Hallo zusammen,
ich melde mich erst einmal aus einem Kurzurlaub zurück.
Zitat:
Bauhof schrieb in
Beitrag Nr. 1403-1:
An Harti: Wenn man einen Punkt des Universums als Mittelpunkt auszeichnet, dann widerspricht das dem kosmologischen Prinzip, das da lautet:
Alle Plätze im Universum sind gleich
Kein Punkt des Universums ist auszeichenbar, insbesondere gibt es keinen Mittelpunkt des Universums. Und einen "ruhenden" Mittelpunkt schon gar nicht. Ebenso wenig wie einen "absoluten" Bezugspunkt im Universum. Auch nicht in Form des Urknalls. Der Urknall fand überall statt.
dies habe ich alles längst verstanden und ich habe auch keine Zweifel, dass die Wirklichkeit auf diese Weise zutreffend beschrieben wird. Mir ging es bei meiner Argumentation im Beitrag 1077-312 um etwas Anderes. Ich bin zu der Überzeugung gekommen, dass wir die Wirklichkeit nicht nur relativ, das heißt ohne
vorgestelltes Bezugssystem denken können. Wir brauchen z.B. auch bei der rein mathematischen Betrachtung von Bewegungsvorgängen ein Koordinatensystem. Ein solches Koordinatensystem gibt es in der Wirklichkeit nicht, wir müssen es uns aber vorstellen (denken), um die Realität erfassen zu können. Entsprechendes gilt im Prinzip für alle Denkmodelle über die Wirklichkeit, ob sie Ballonmodell oder wie immer heißen. In diesem Sinne halte ich ein Bezugssystem für denknotwendig.
Dass wir auch in der SRT nicht ohne ein solches
gedachtes Bezugssystem auskommen, will ich an einem Gedankenexperiment zu erläutern versuchen.

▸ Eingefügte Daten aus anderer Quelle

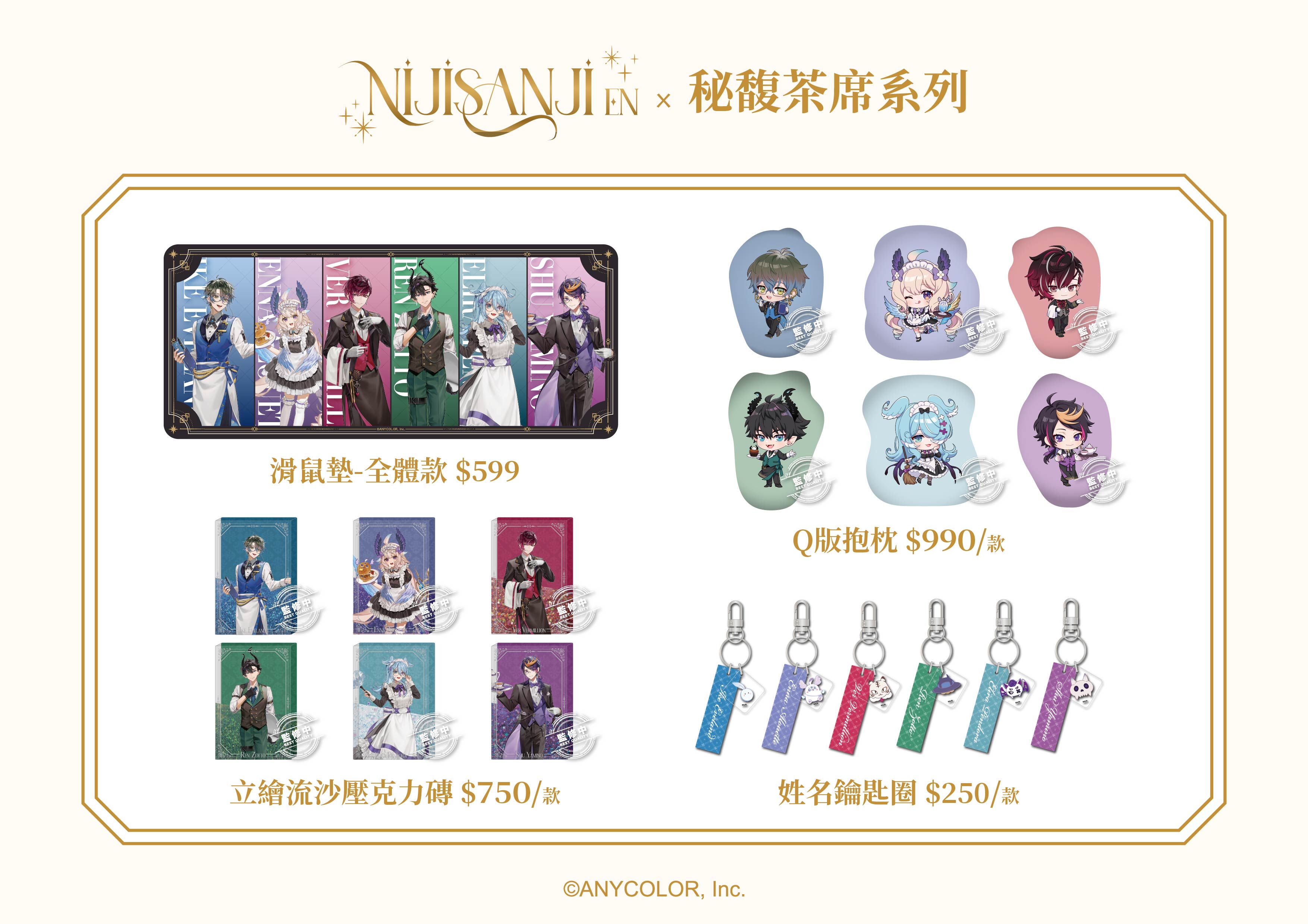 金屬鑰匙圈結合立繪,呈現出Liver限定服裝及本次主題的華麗質感;壓克力鑰匙圈運用Liver們的名字及粉絲形象,精巧可愛的設計,能夠自由裝飾在包包或個人隨身物品上!更有杯墊、滑鼠墊、抱枕等周邊,在居家及辦公桌使用,打造專屬療癒空間。讓Liver們遍佈生活中的每個角落,陪你度過日常時光!

Ich stelle mir eine Taschenlampe vor, die die an beiden Enden einen Scheinwerfer hat. Ich schalte diese Taschenlampe ein und in entgegengesetzter Richtung verlassen zwei Lichtstrahlen die Taschenlampe. Die Lampe befindet sich waagerecht vor mir. Im Lichtstrahl, der nach links geht, befindet sich das Photon A, im Lichtstrahl, der nach rechts geht, befindet sich das Photon B.
Bei rein relativistischer Betrachtung wäre es möglich, eine Relativgeschwindigkeit zwischen den Photonen A und B anzugeben. Dies ist nicht möglich; denn welche Geschwindigkeit soll dies sein ? Ich muss mir die Taschenlampe ( den damit verbundenen Beobachter) als Bezugssystem vorstellen (denken), um für beide Photonen feststellen zu können, dass sie sich jeweils mit Lichtgeschwindigkeit bewegen. Um Missverständnissen vorzubeugen. Ich bin nicht der Meinung, dass die Taschenlampe (und der Beobachter) in der Wirklichkeit, das heißt im Verhältnis zu anderen Objekten der Wirklichkeit, ruhen müssen (Postulat der SRT). Ich muss mir allerdings die Taschenlampe im Verhältnis zu den Photonen A und B als ruhend
denken, weil ich sonst keine konkrete Geschwindigkeit für die Photonen (das Licht) angeben kann. Dies erklärt im Übrigen bei relativistischer Umkehr der Betrachtung, indem ich annehme, dass das Licht ruht, dass sich sämtliche Objekte der Wirklichkeit im Verhältnis zum als ruhend angenommenen Licht mit Lichtgeschwindigkeit bewegen. Dieser Gedanke wurde ja bereits an anderer Stelle geäußert. Auch dabei wird deutlich, dass ich
rein gedanklich ein Bezugssystem brauche, in diesem Fall das als ruhend angenommene Licht.
Meine Frage in Bezug auf das Thema lautet also nicht " Wo
ist der Mittelpunkt des sich ausdehnenden Universums (Wirklichkeit), sondern wo muss man sich diesen Mittelpunkt
vorstellen (Denkwelt).
Ich hoffe, ich habe meine Gedanken deutlich machen können.
MfG
Harti
Wichtig ist, dass man nicht aufhört zu fragen. A.E.
Bearbeitet von Harti am 25.05.2009 um 13:13 Uhr.